Preach! A veteran mom explains the importance of discipline for her child and for yours..."That’s right: If your kid shoves my kid, I’m going to speak up. If we are at a PTA event and your kid is rude to me, I will call them on their behavior. If your child is being a monster on the swings and my kid has been waiting for 10 minutes for their turn, you better believe this mama is going to say something. I’ve spent too many years drilling good behavior and discipline into my kids that I’m not willing to sit by and watch them get trampled for following the rules. I will be polite and respectful when I speak to your child, and frankly, I fully expect that another parent would call my kid on their poor behavior too."


A call to all parents to let out children be children and relax with the helicopter parenting..."Today we live in a culture of fear—fear of pain, fear of loss, fear of strangers, fear of failure—and our children are the biggest victims. We want to protect them from everything, to keep them safe and happy and wonderful, but all that’s creating is a culture of helicopter parenting and a generation of children who can’t think for themselves."

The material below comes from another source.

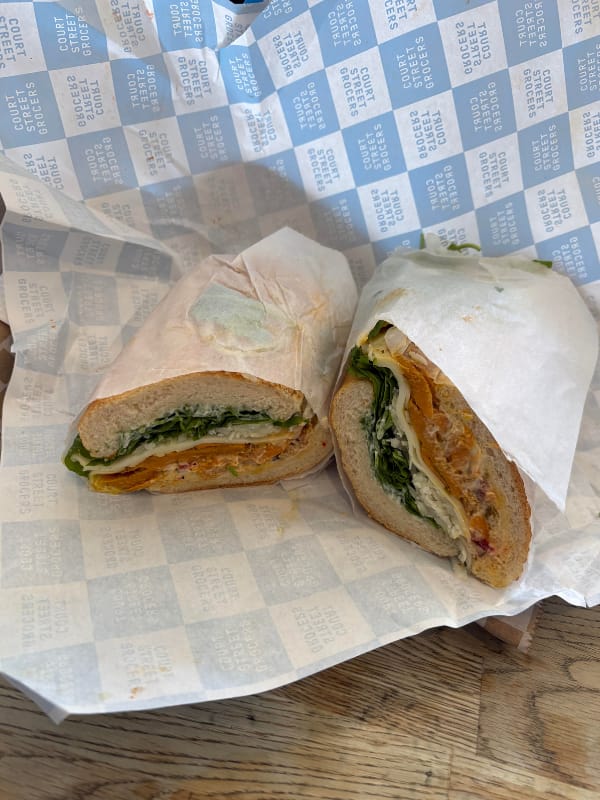 Happy Saturday. I finally made it down Court St. to try Court Street Grocers’ Vegitalian that the New Yorker raved about a few weeks ago. It’s not cheap, but the good news is the sandwich is huge and you can enjoy it for lunch and dinner!

A refreshing perspective on cancer not being part of some divine plan that God has tailored for each patient in order to provoke a perverse glory..."Sadly, there are many self-professed Christians who are convinced in their utmost being that the God does indeed give people cancer (while also intentionally inflicting every other imaginable form of evil on creation). Which means there are countless other Christians who walk into their first session of chemotherapy treatment or sit beside a loved one with Alzheimers or survive a brutal sexual assault only to be told that such unspeakable evil is all part of God’s plan. That God willed their suffering for his own glory."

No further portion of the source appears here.